Her simple outfit was finished off with a pair of black form fitting Sergios and some tennis shoes and we were out the door for some Saturday shopping. We didn’t get far before I noticed many of the men we were coming in contact with had something to say. It wasn’t shrieks and cat calls, but more subdued. Cars stopped where they weren’t supposed to so we could cross the street. Men were breaking their necks to be the first one to open the door for us. They all smiled weird smiles and looked at her a little too long for my liking. One guy offered to buy me ice cream, another offered dinner. When she would decline and step past them I would look back. They were watching us walk away. Strange.
She said it was the jersey and I had no reason to disagree. I may have been five or six. What mother said was what it was. However, when we got home and I recounted the odd day to my father he responded with a little huff in his voice.
“It wasn’t that damn jersey. Don’t nobody care about Bert Jones. It was those pants she got on.”
After my mother explained as best she could what my father was talking about, I understood completely and that was my first experience with what Yvonne Stickney calls “the power of the booty.”
Why am I bringing this up? Well, because today is Dizzy Gillespie’s birthday. I could write a piece about his awesome career and his contribution to the development of Bee Bop and Afro-Cuban jazz fusion, but you all already know about that. Besides, the first thing I think about when I hear Dizzy’s name is those pouched out cheeks. So that’s what I have for you in honor of Dizzy (R.I.P.), a little randomness about the power of pouched out cheeks. Enjoy.
For the longest black women were a little chafed over corn rows becoming chic after the movie 10 hit. We had been wearing them since the slave ships but they weren’t cool until Bo Derek jogged down the beach with a set in her head. Then a few generations down the line, white couples started producing off spring with big butts on a regular basis and the issue reared its ugly little head again. Maybe it’s the growth hormone in the chicken. Who knows? One thing you have to admit is white women have started packing heavy in the posterior. Look at the bright side, at least now that it’s cool we can find bottoms that fit us.
Mos Def – “Ms. Fat Booty”
There was a time when your only option in developing the gluts was a billion squats a day. Now you can tell your sadistic trainer to go to hell and order ass on the internet (no craigs list). As a matter of fact, you don’t even have to go that far. You can get your bionic woman on at the local flea market or beauty supply store these days. I didn’t know until recently that you could buy your nails, hair and your ass in the same store, but you can and it’s safer and cheaper than going under the knife. Plus there aren’t as many horror stories. Except that one from I’m Gonna Get You Sucka. Shivers.
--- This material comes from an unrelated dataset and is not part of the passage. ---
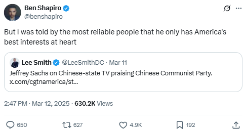 Shapiro sarcastically commented on economist Jeffrey Sachs’ appearance on Chinese state television (CGTN), where Sachs praised China’s Belt and Road Initiative (BRI). The BRI has invested over $1 trillion in global infrastructure since 2013 but faces criticism for creating “debt traps” in developing nations.

Wreckx-in-Effect – “Rump Shaker”
I remember when women felt like you shouldn’t ever see the light of day if you had a big butt. Like you should be sent to the mines or locked in the basement as if being blessed in the rear was some mutant form of elephantitis. Big butt jokes were supposed to smash egos and companies sold millions of dollars worth of random ish to women who wanted to cover, hide, camouflage or just plain get rid of their booty. No longer my friends. Instead of selling something to cover your assets they now sell everything with your assets. Tennis shoes, liquor companies, clothing companies.. everybody wants a big butt instead of a smile in their ads now.
LL Cool J – “Big Ole Butt”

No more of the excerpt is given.